WHAT THIS TASK INVOLVES. Beginning with the line below that contains "cheerful bearded man" and ending with the line that contains "スムーズロープとツイストロー", retype every line exactly. Pictures are not copied.
[RECORDS SUPPLIED Boundary: Start]
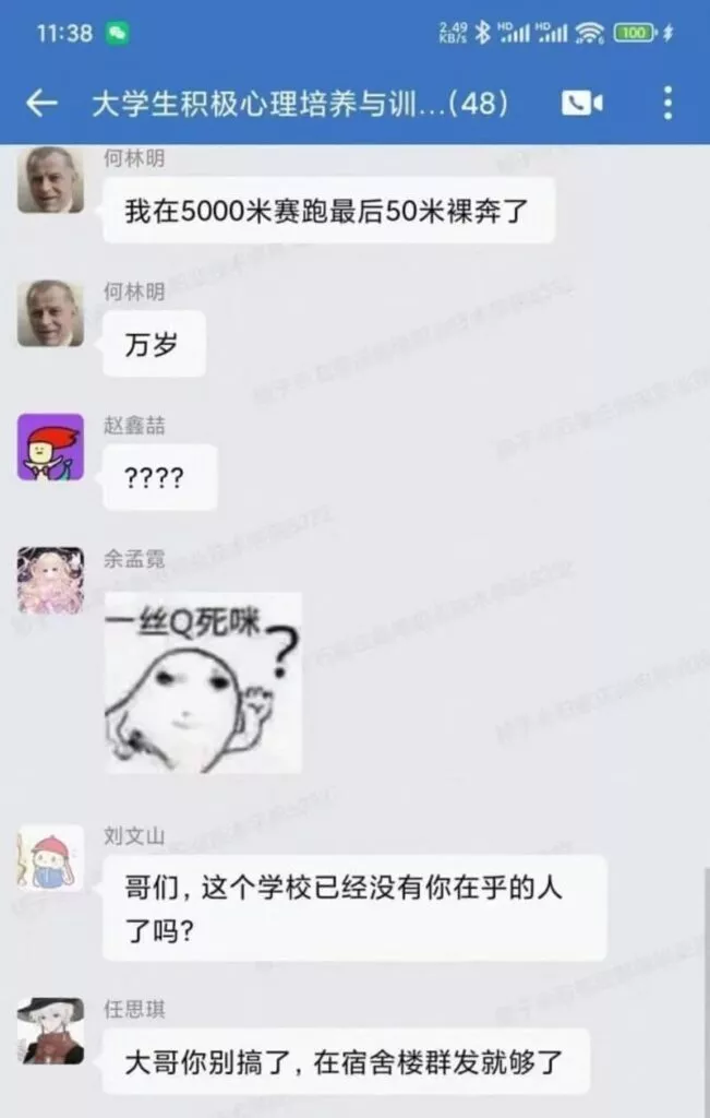 在河北石家庄邮电学院的运动会上,5000米赛跑即将产生冠军。在距离终点线仅有50米的时刻,一位名叫何林明的选手令人震惊地开始脱衣,毫无顾忌地果奔冲刺向终点。此时的场面令人瞩目,观众们无不为之惊叹。
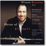 「永遠の鏡」というタイトルのこのアルバム、レバノンの作曲家Houtaf Khoury(なんと読むのでしょう)が作った同名の曲の他に、ハチャトゥリアンのフルート協奏曲と、ウクライナのスタンコヴィッチという人の「室内交響曲第3番」(実質的にはフルート協奏曲)の3曲が収められています。演奏しているのは、レバノン生まれで、現在はロンドンを中心に活躍しているフルーティスト、ウィッサム・ブースタニーと、ウクライナ生まれの指揮者シレンコに率いられたウクライナ国立交響楽団という、ローカリティあふれる顔ぶれになっています。レバノン、ウクライナ、そしてハチャトゥリアンのアルメニアと、いずれもヨーロッパとアジアの境目に位置する国々の、特異な民族性を持った音楽たち、それを、西洋音楽に慣らされてしまった耳へのひとときの刺激剤としてこのアルバムを求めたのであれば、あなたはここで聴くことの出来るとてつもないメッセージに、殆ど圧倒されてしまうことでしょう。そう、まさに私自身が、とりわけハチャトゥリアンに込められた「思い」の大きさに、呆然となっているところです。
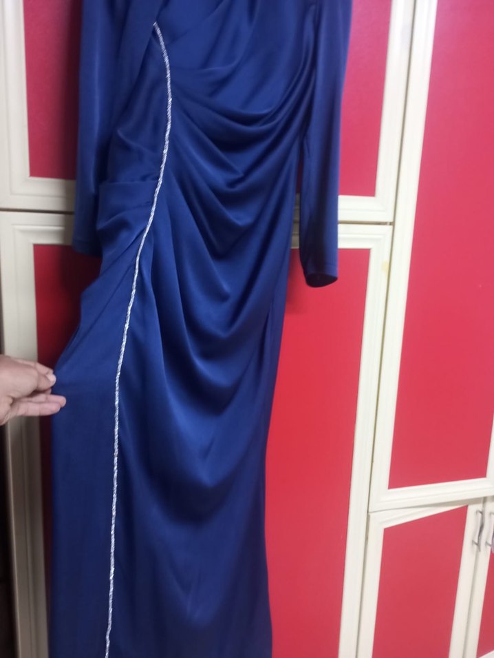 Drapeli detaylı, uzun kollu ve yüksek yakalı mavi parlak kumaştan, minimal ve sade tasarımlı, düğünlere uygun abiye elbise. 42-44 uyumlu kuyrugu vardıe hafıf rengi koyudur ısıktan oyle cıkmıs esarbıda vardır
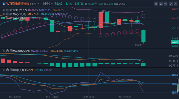 【原油技术面分析】:原油上周出现了窄幅震荡中,在74.4美元一线企稳徘徊,高点在75.8美元一线徘徊中。原油日线级别上看,油价在两阴柱之后收大阳柱,表明了大跌后大涨,多头回归的迹象,本周周重点关注多头是否延续上探。四小时级别上看,油价呈区间震荡徘徊中,
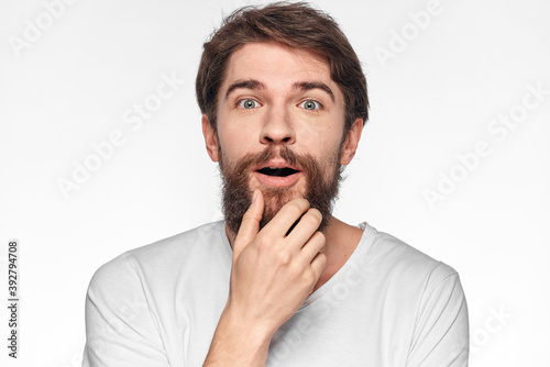 cheerful bearded man in a white t-shirt emotions gestures with his hands light background studio
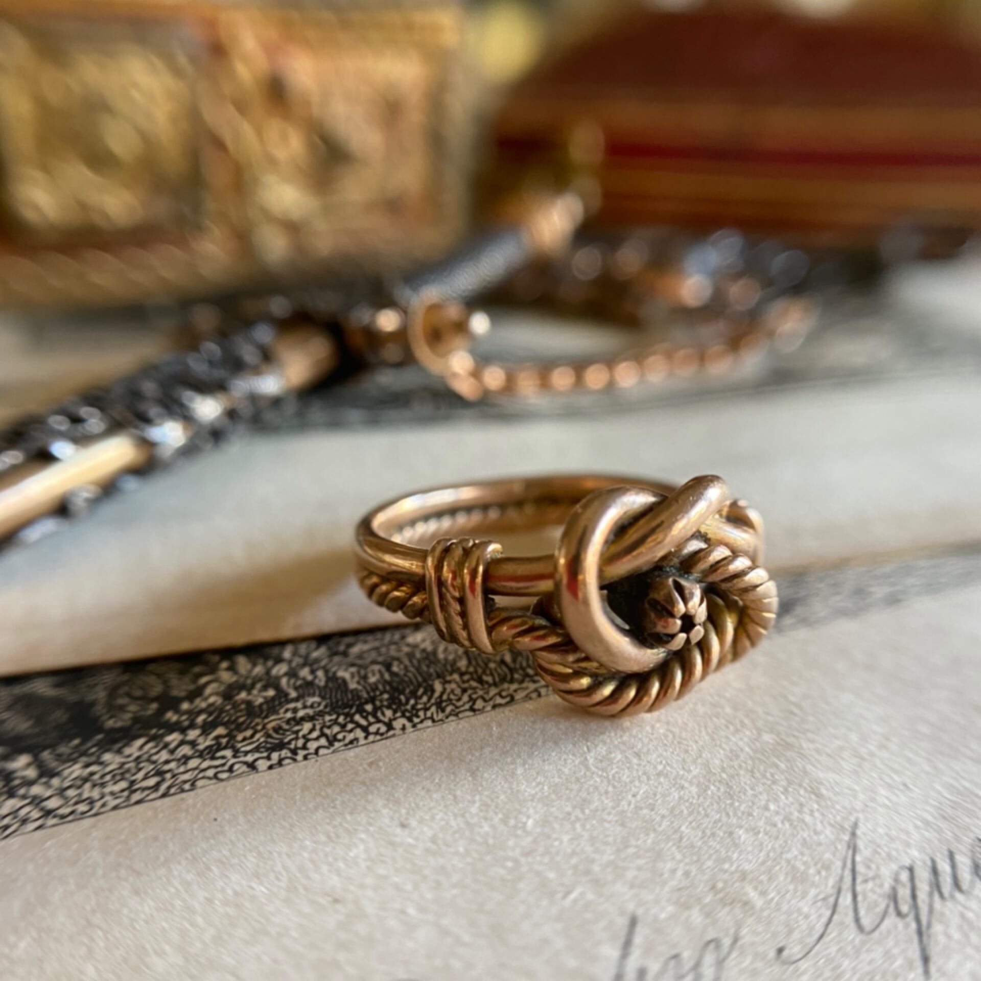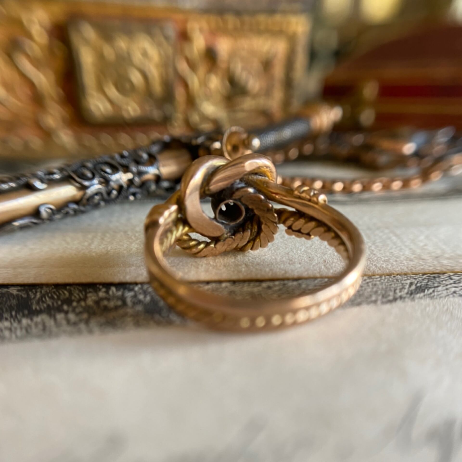 スムーズロープとツイストロープの2つのテクスチャーのローズゴールドが絡み合いセンターで結ばれたノットリング。
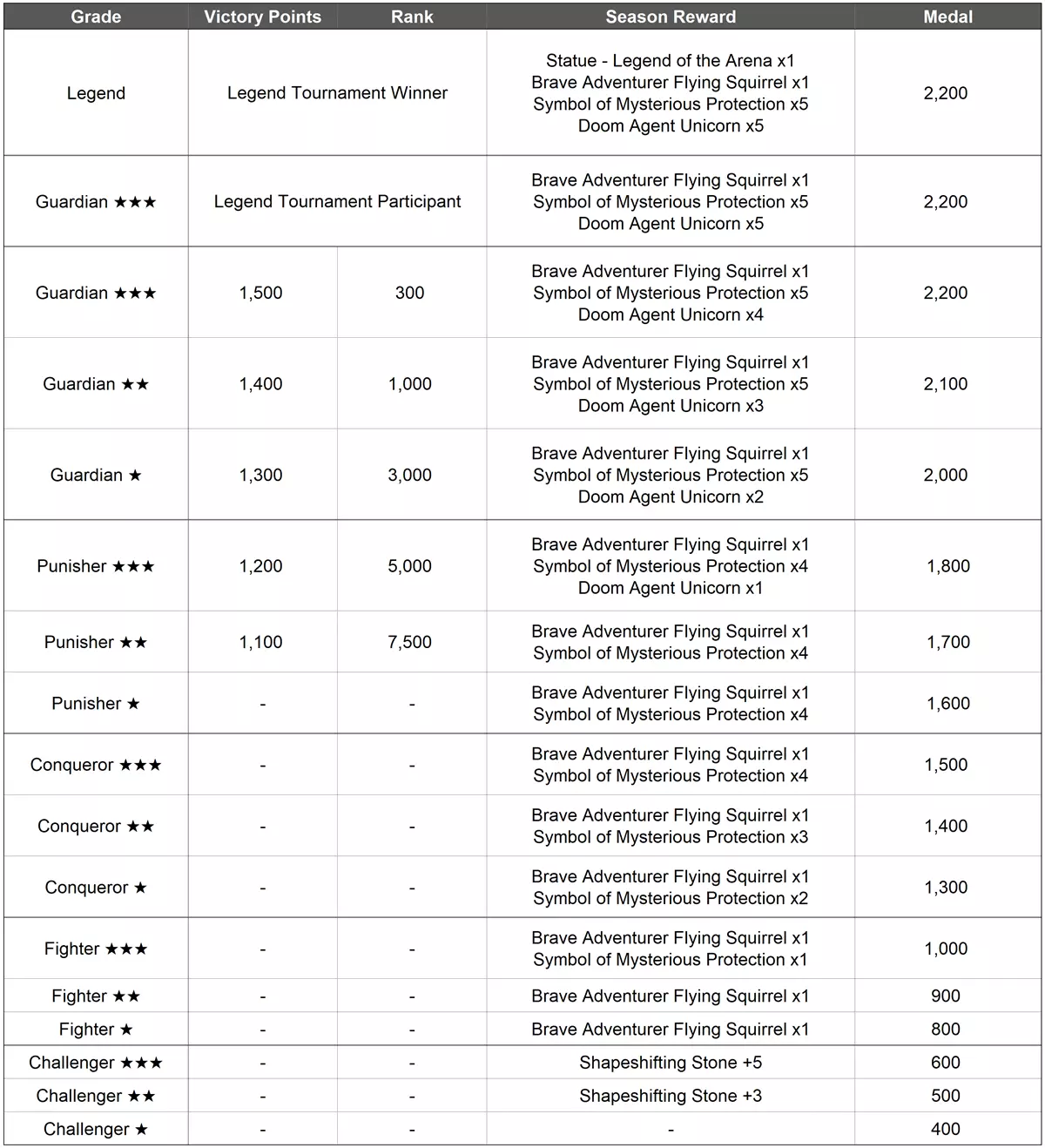 《魔灵召唤:天空之役》更新内容 1. 战斗通知 - 重复战斗和侦查战斗通知现在将显示在公会战研究和防守阵容测试界面。 2. 【世界竞技场】更新 - 世界竞技场将从4月13日开始的第37赛季起进行更新。 - 以下是第37赛季的主要变化: ================================= - 世界竞技场第37赛季时间安排 :4月13日00:00-6月27日00:00(PDT) - 世界竞技场匹配优化 :在【惩罚者★-传说】段位范围内,匹配将优化为为您匹配胜利点数更相近的对手。 :在【挑战者★-斗士★★★】段位范围内,匹配范围已扩大,以实现更快的匹配速度。- 在【惩罚者★】段位中,战斗失败后胜利点数将不再降至800以下。 - 【征服者】段位区间内晋升所需的胜利勋章数量已调整。
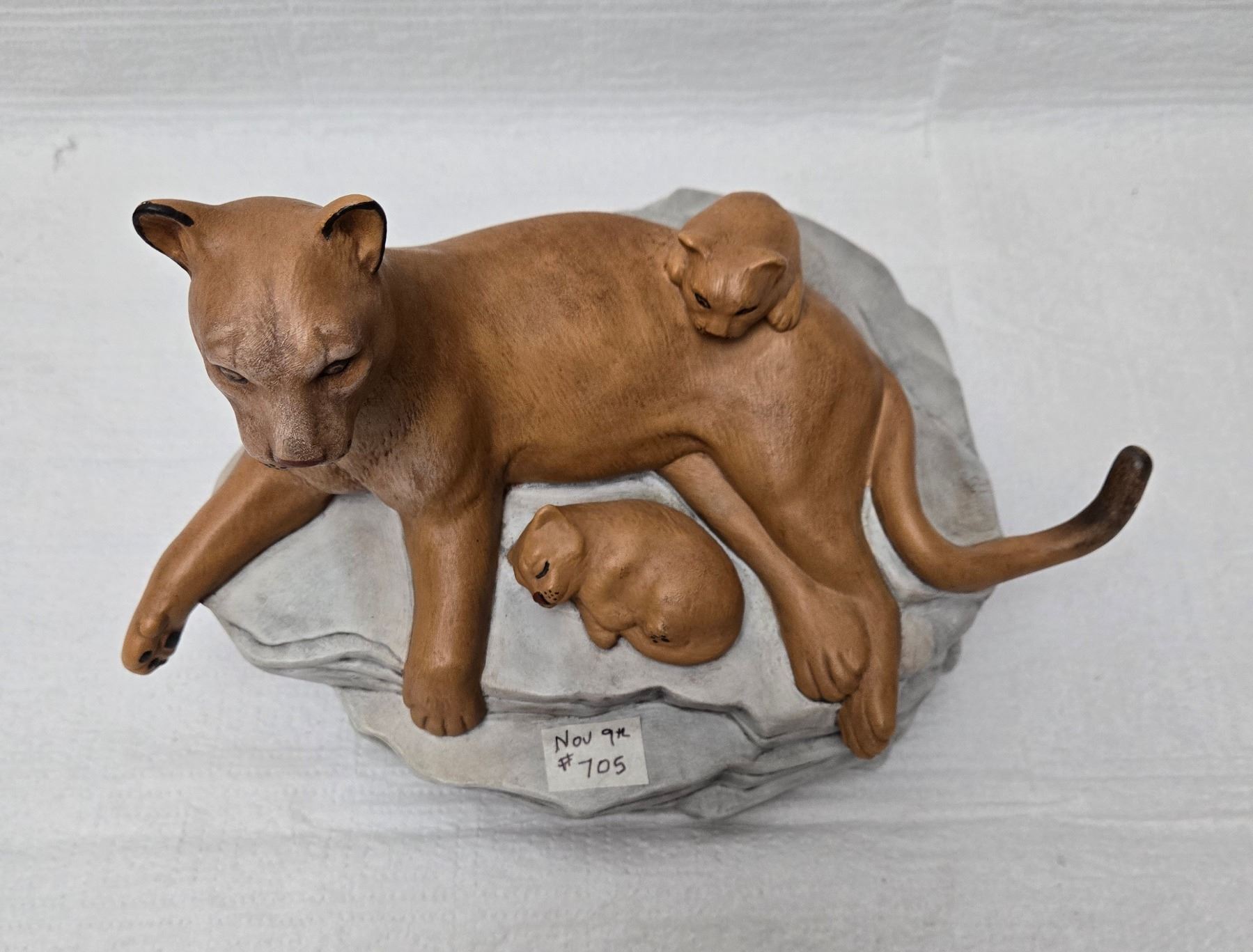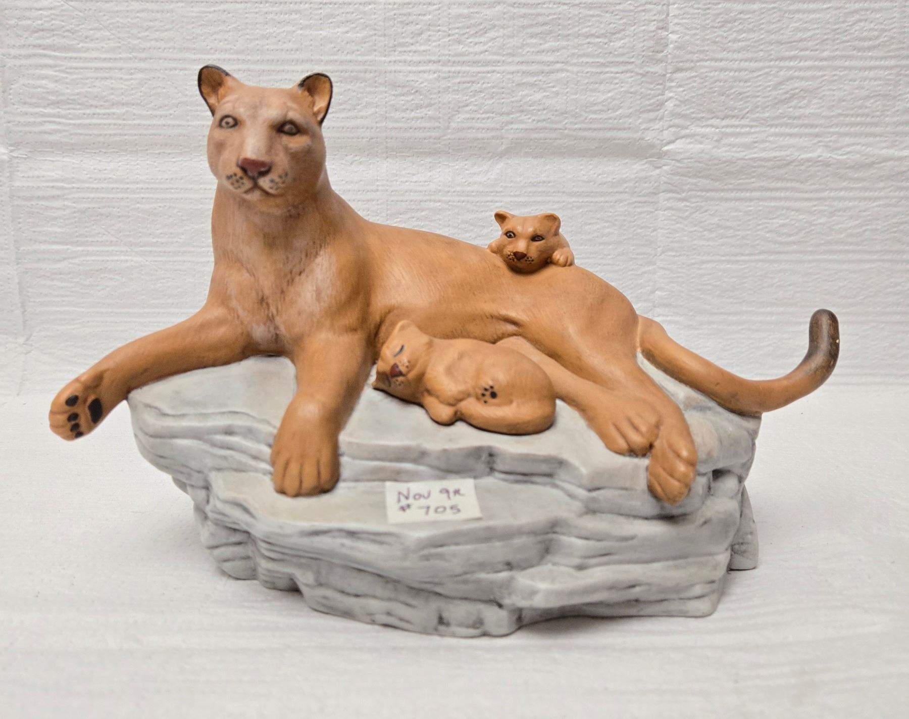 Ceramic Lioness with Cubs on Rock
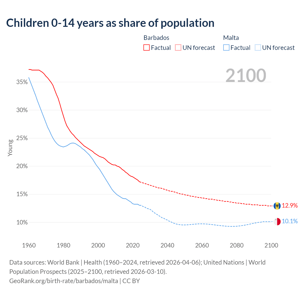 According to the latest available data on birth rates, the fertility rate in Barbados was 1.71 children per woman in 2023, compared to 1.06 in Malta in 2023. The replacement level is considered to be 2.1 children per woman.
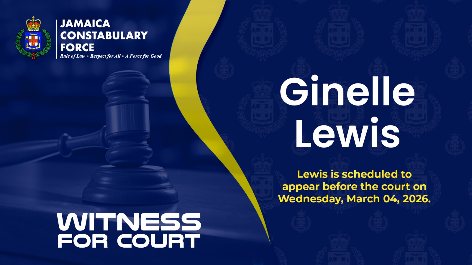 Ginelle Lewis or anyone knowing her whereabouts is asked to contact the CISOCA office at 876- 963-8283, the police emergency 119 number, or the nearest police station.
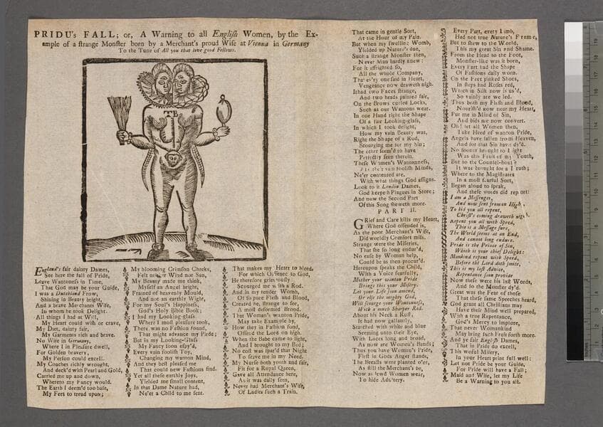 Pridu's [sic] fall or a warning to all English women, by the example of a strange monster born by a merchant's proud wife at Vienna in Germany. To the tune of All you that love good fellows
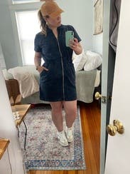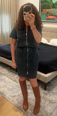 Loved this. Wore it once unzipped a bit with a long sleeved white bodysuit under it with tall boots and then wore it again on a warmer sunny day with cute summery accessories.
[RECORDS SUPPLIED Boundary: End]
SOLUTION TO THIS TASK.
 cheerful bearded man in a white t-shirt emotions gestures with his hands light background studio
 スムーズロープとツイストロープの2つのテクスチャーのローズゴールドが絡み合いセンターで結ばれたノットリング。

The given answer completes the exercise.